START GIVEN INFORMATION
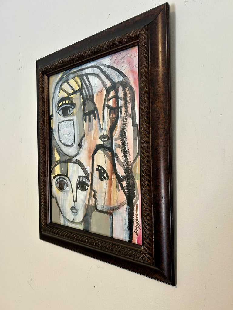 watercolor, acrylic, and oil pastel on paper with frame
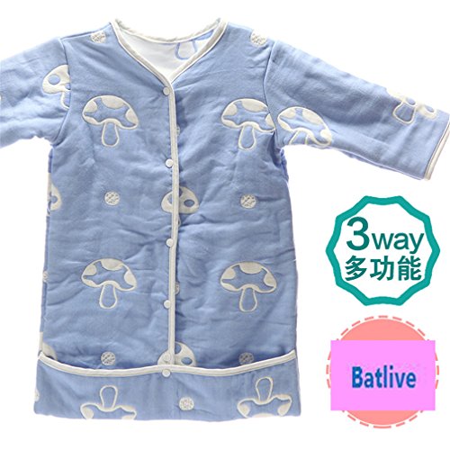 スリーパー ベビー ジュニア 3way 6重ガーゼスリーパー サロペット ガウン 寝巻き ベスト ベビーウエア 出産祝い 誕生日 70 cm キノコ ブルー
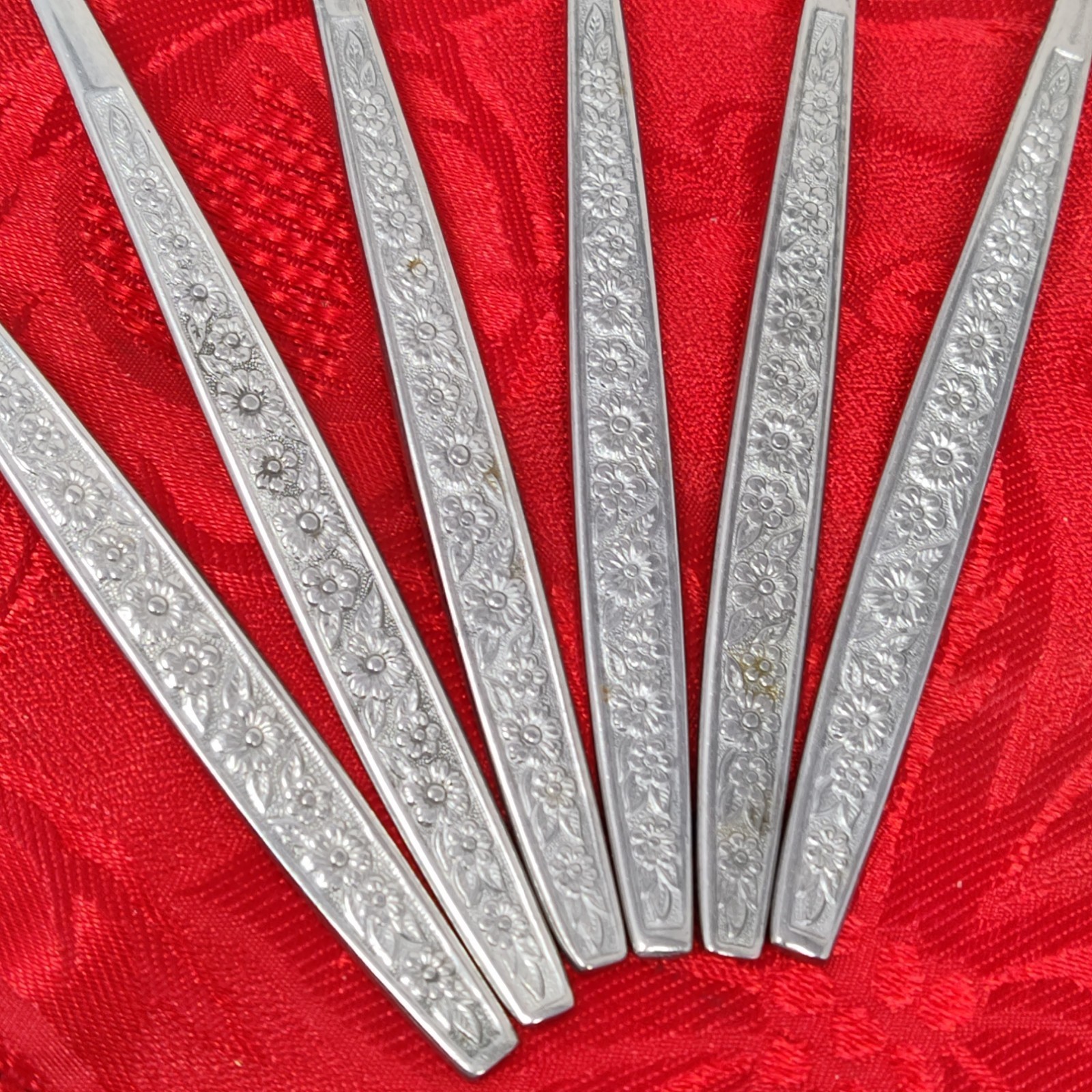 6X Vtg Tbsp Orleans ORL45 Tablespoon Stainless Korea Floral Flower Sears Anneka
END GIVEN INFORMATION
Once the pictures are set aside, give the rest of the material again unchanged.

> THE ANSWER
 watercolor, acrylic, and oil pastel on paper with frame
 スリーパー ベビー ジュニア 3way 6重ガーゼスリーパー サロペット ガウン 寝巻き ベスト ベビーウエア 出産祝い 誕生日 70 cm キノコ ブルー
 6X Vtg Tbsp Orleans ORL45 Tablespoon Stainless Korea Floral Flower Sears Anneka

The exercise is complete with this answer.